13. 少なくとも１つの誘導性プロモーターの誘導物質の生合成を伴うタンパク質をコードする遺伝子が、ｓｃｐＡ／ｓｂｍ、ａｒｇＫ／ｙｇｆＤ、ｓｃｐＢ／ｙｇｆＧ、ｓｃｐＣ／ｙｇｆＨ、ｒｍｌＡ、ｒｍｌＢ、ｒｍｌＣ、およびｒｍｌＤからなる群から選択される、請求項１２に記載の宿主細胞。
14. 宿主細胞が、該宿主細胞の細胞質の還元／酸化環境に影響を及ぼす遺伝子の変異した遺伝子機能を有する、請求項１〜１３のいずれか１項に記載の宿主細胞。
15. 宿主細胞の細胞質の還元／酸化環境に影響を及ぼす遺伝子が、ｇｏｒおよびｇｓｈＢからなる群から選択される、請求項１４に記載の宿主細胞。
16. 宿主細胞が、還元酵素をコードする遺伝子の低減されたレベルの遺伝子機能を有する、請求項１〜１５のいずれか１項に記載の宿主細胞。
17. 還元酵素をコードする遺伝子がｔｒｘＢである、請求項１６に記載の宿主細胞。
18. 宿主細胞が、少なくとも１つのジスルフィド結合イソメラーゼタンパク質をコードする少なくとも１つの発現コンストラクトを含む、請求項１〜１７のいずれか１項に記載の宿主細胞。
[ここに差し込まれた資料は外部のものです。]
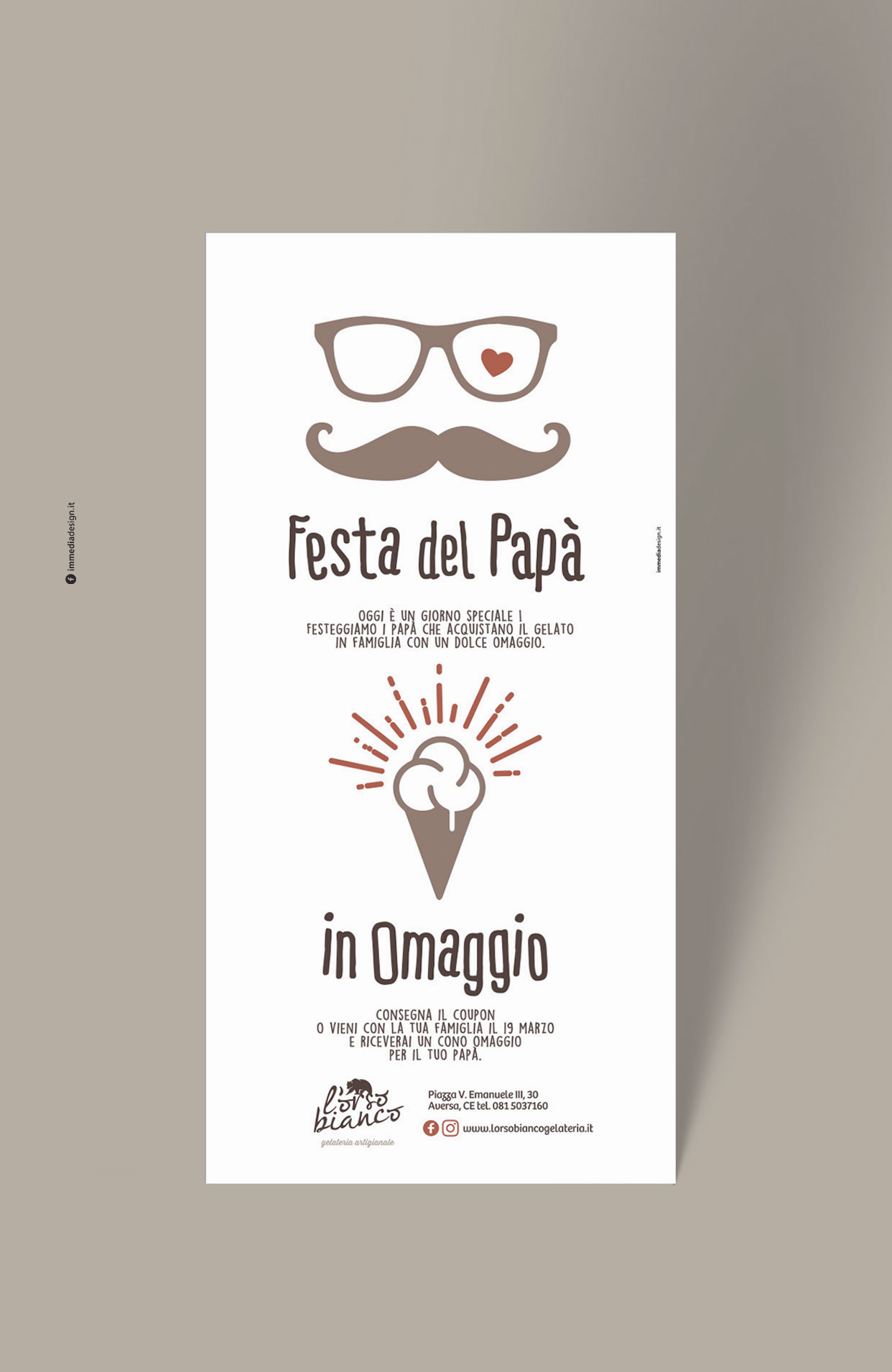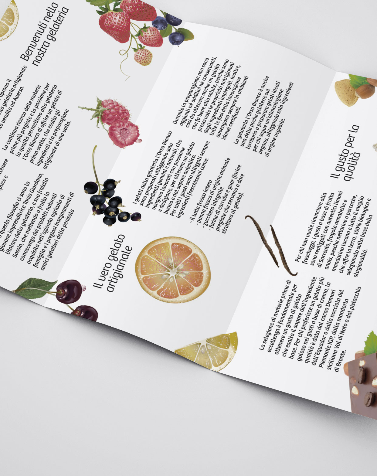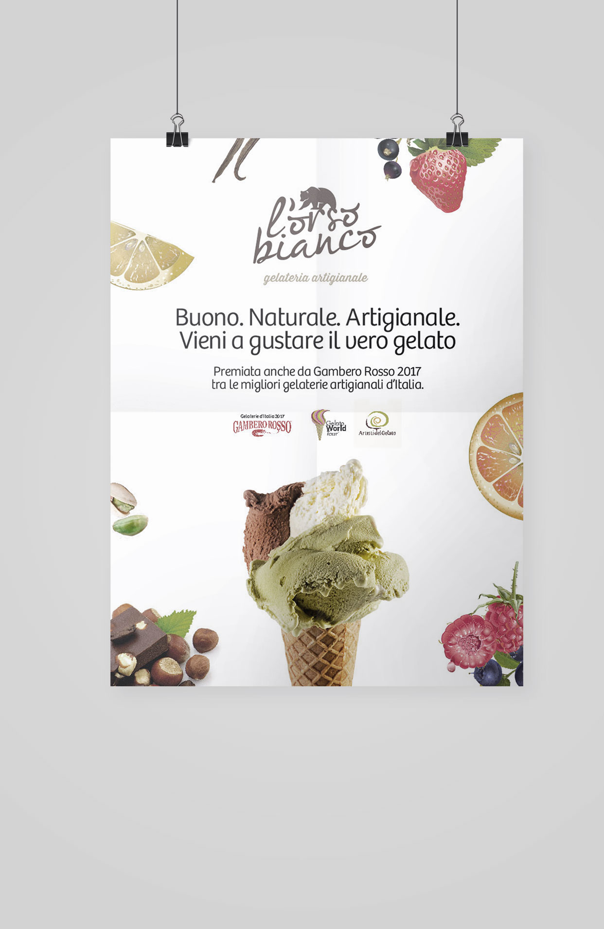 Le calde tonalità del nocciola e del cioccolato, ispirate alla naturalità degli ingredienti utilizzati, completano l’identità visiva della gelateria artigianale l’Orso Bianco. Un marchio che è la firma della gelateria e delle sue bontà.

19. 宿主細胞が、シグナルペプチドを欠くＤｓｂＣの形態をコードする少なくとも１つのポリヌクレオチドを含む、請求項１〜１８のいずれか１項に記載の宿主細胞。
20. 宿主細胞が、Ｅｒｖ１ｐをコードする少なくとも１つのポリヌクレオチドを含む、請求項１〜１９のいずれか１項に記載の宿主細胞。
21. 宿主細胞が原核細胞である、請求項１〜２０のいずれか１項に記載の宿主細胞。
22. 宿主細胞が大腸菌である、請求項２１に記載の宿主細胞。
23. 請求項１〜２０のいずれか１項に記載の宿主細胞を培養すること、及び該培養に少なくとも１つの誘導性プロモーターの誘導物質を添加することを含む、インビトロで遺伝子産物を産生する方法。
24. 請求項１〜２０のいずれか１項に記載の宿主細胞を含む、キット。